This Blog Tour is so big, that I had to split my one stop into TWO stops. Please continue to read my review of Very Superstitious below and get to know the authors of the stories in this awesome anthology. Then click here to read my guest post with author Stephanie Kuehnert and enter to win a copy of Very Superstitious!
Very Superstitious: Myths, Legends, and Tales of Superstition (Anthology)
Genre: Young Adult Short Story Collection, Paranormal
Release date: October 17 2013
Source: e-ARC for Blog Tour
In a word: A timely collection for a good cause, with some delightful surprises, full of myths and superstitions, and a vast array of stories that will make you laugh, cry and think.
One of the best things about this anthology is that proceeds from the first 5,000 copies sold will be donated to the SPCA (Society for the Prevention of Cruelty to Animals) International. Halloween is the perfect time to release this anthology into the world, and the fact that many of the authors use animals as core elements in their stories ties in well with the SPCA connection. Each tale features a superstition or legend, some better known that others, and although all the stories fall under one of the title’s subcategories, as a whole they were a very mixed bunch. I found myself pleasantly surprised to discover some new-to-me authors that are now on my radar: to those of you who “wowed” me, look out: I will not rest until I read more from you! Because this is a short anthology with only eight stories, I want to highlight each one. In alphabetical order by author, here are the stories of Very Superstitious:
The Rescue by Shannon Delany
This fairy tale-like story about a man and his faithful dog named Annie was one of my favorites. It fits perfectly in this collection, as it tells about a superstition that hounds born with red ears are fairy-born, and therefore dangerous. Andrew rescued Annie as a pup as she was about to be drowned because of her red ears, and ever since she’s been Andrew’s greatest love. The story delves into family, loyalty and trust, with an unexpected ending that will make you a Shannon Delany fan too!

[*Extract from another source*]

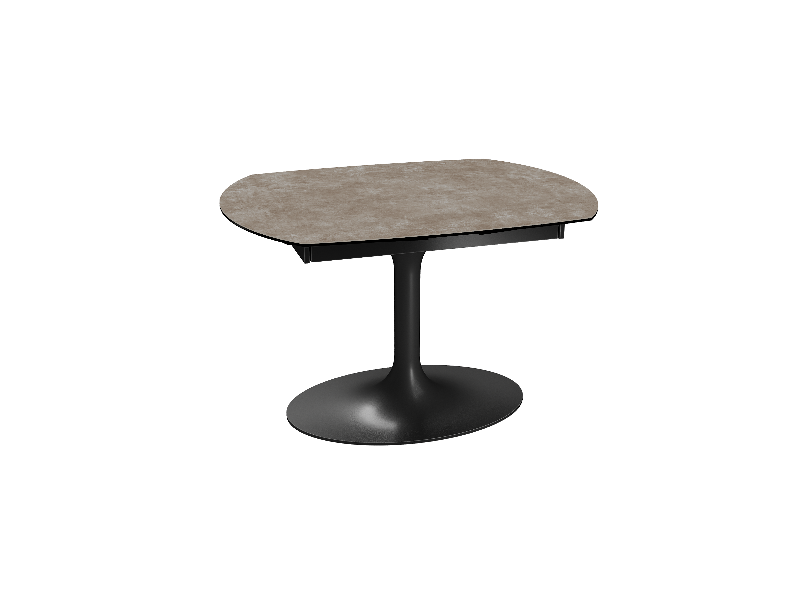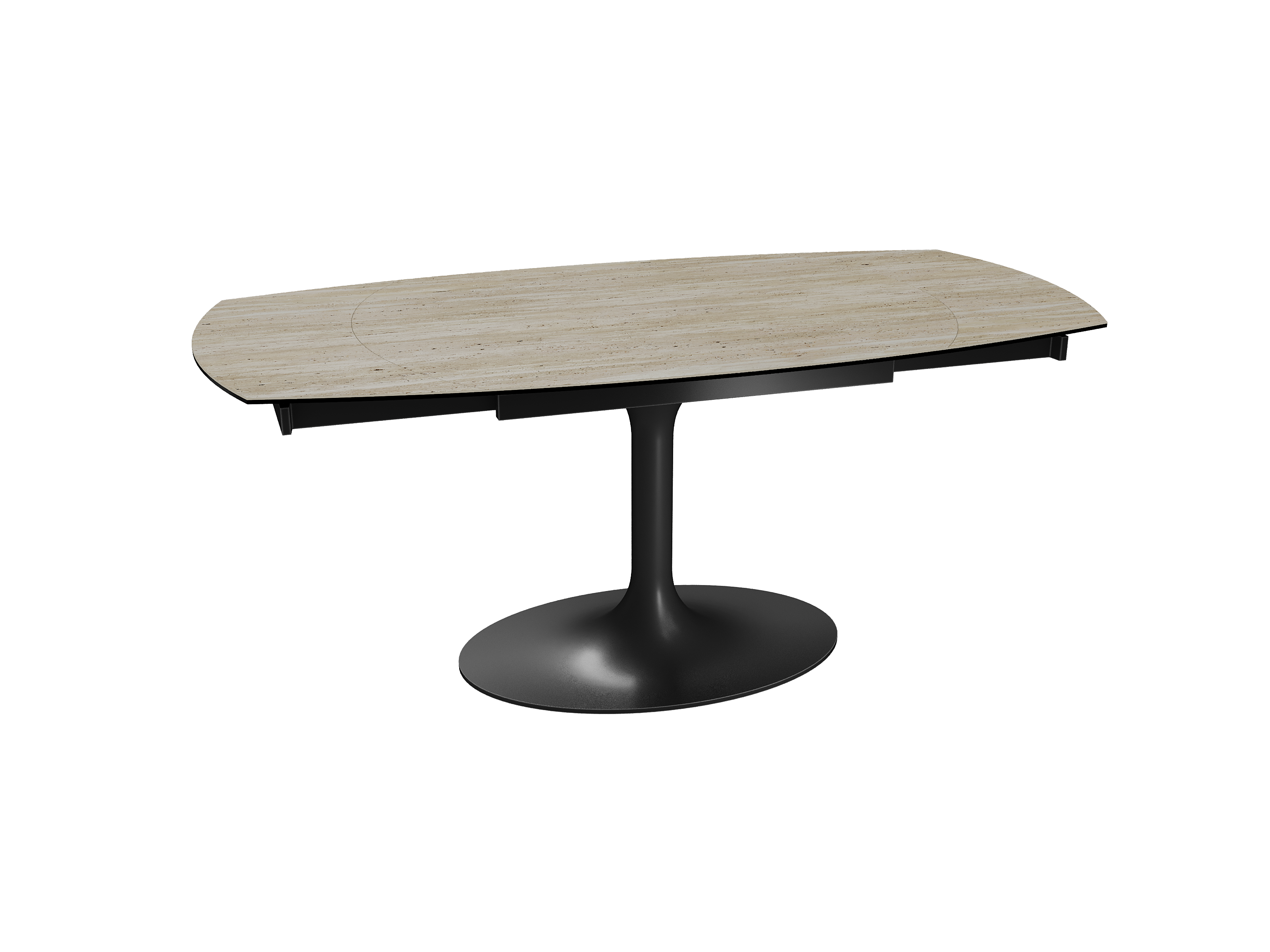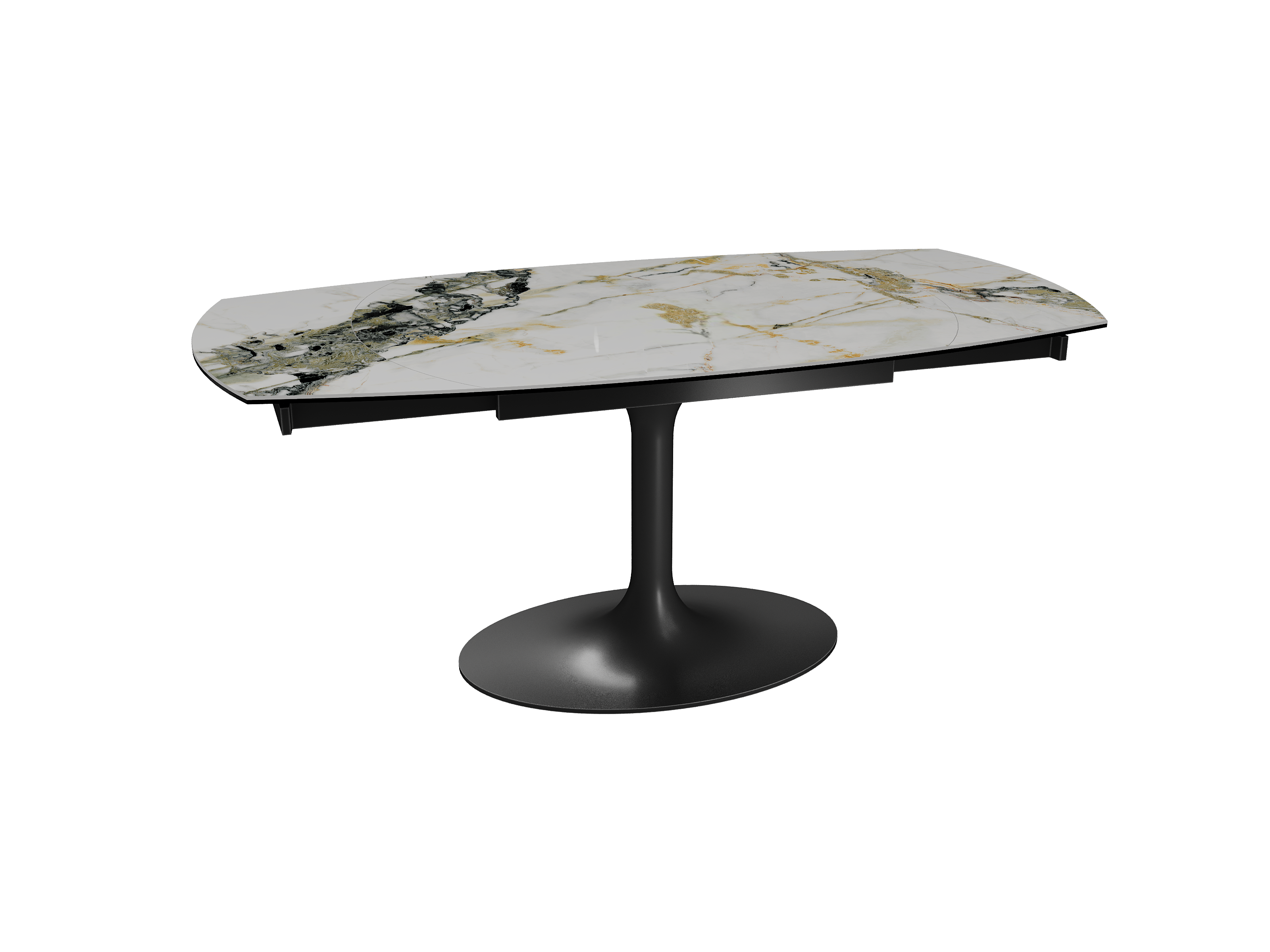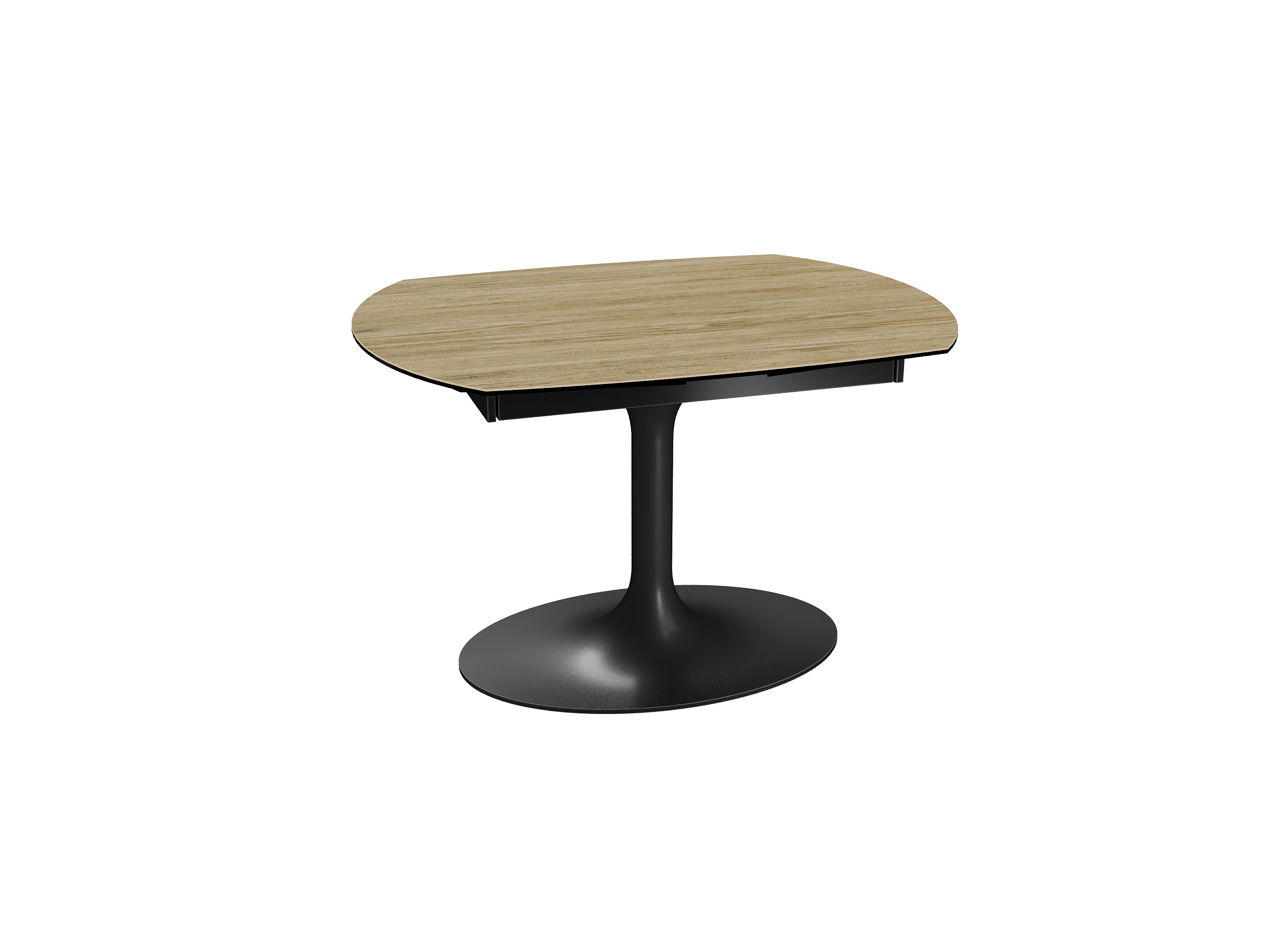 Inspirée du modèle phare Kheops, la table Corcovado se décline avec un nouveau piétement central évasé. Dotée d’un mécanisme astucieux, une simple rotation du plateau suffit pour faire apparaître deux rallonges latérales. Le mouvement est synchronisé. Cette collection est disponible en trois dimensions : 120/180 × 90 × 76 cm, 130/190 × 100 × 76 cm et 160/240 × 100 × 76 cm. Personnalisez votre plateau parmi 13 finitions de céramique. Le piétement est conçu en acier laqué noir mat.

Thirst by Jackie Morse Kessler
I loved this story about the legend of Noah’s Ark, which goes beyond the tale most of us know and delves into a lesser known character. Thirst tells the story of Sambethe, daughter of Noah, whose dreams foretell the flooding of the river, and how she tries to convince her father to prepare for the flood. This story had a dream-like and mesmerizing quality that sucked me in.
Chupacabra by Jennifer Knight
This story was very odd for me in the beginning, but by the end I was hooked. It uses the myth of the chupacabra, an urban legend about a killer beast that sucks the blood from its victims, to tell the story of a monster slayer named Eva who unexpectedly comes face to face with her past, while trying to help her sister. I loved the exotic locale of Chupacabra, which takes place in Puerto Rico, and the menacing feel as the story alternates between Eva’s point of view and the killer’s.
The Road Home by Stephanie Kuehnert
This odd ghost story was another of my favorites. Kuehnert writes like a seasoned professional, and her writing reminded me a bit of Stephen King’s. King takes small details and weaves them throughout his stories, details that take on lives of their own. This is not an easy thing to do, but Kuehnert does it brilliantly. Her story uses the (unfamiliar to me) superstition of making a wish on the last cigarette in the pack. The Road Home tells a sad but ultimately uplifting story of a ghost who is trying to find her way home, and the people who end up helping her. Oh, and there is a dog in the story, too.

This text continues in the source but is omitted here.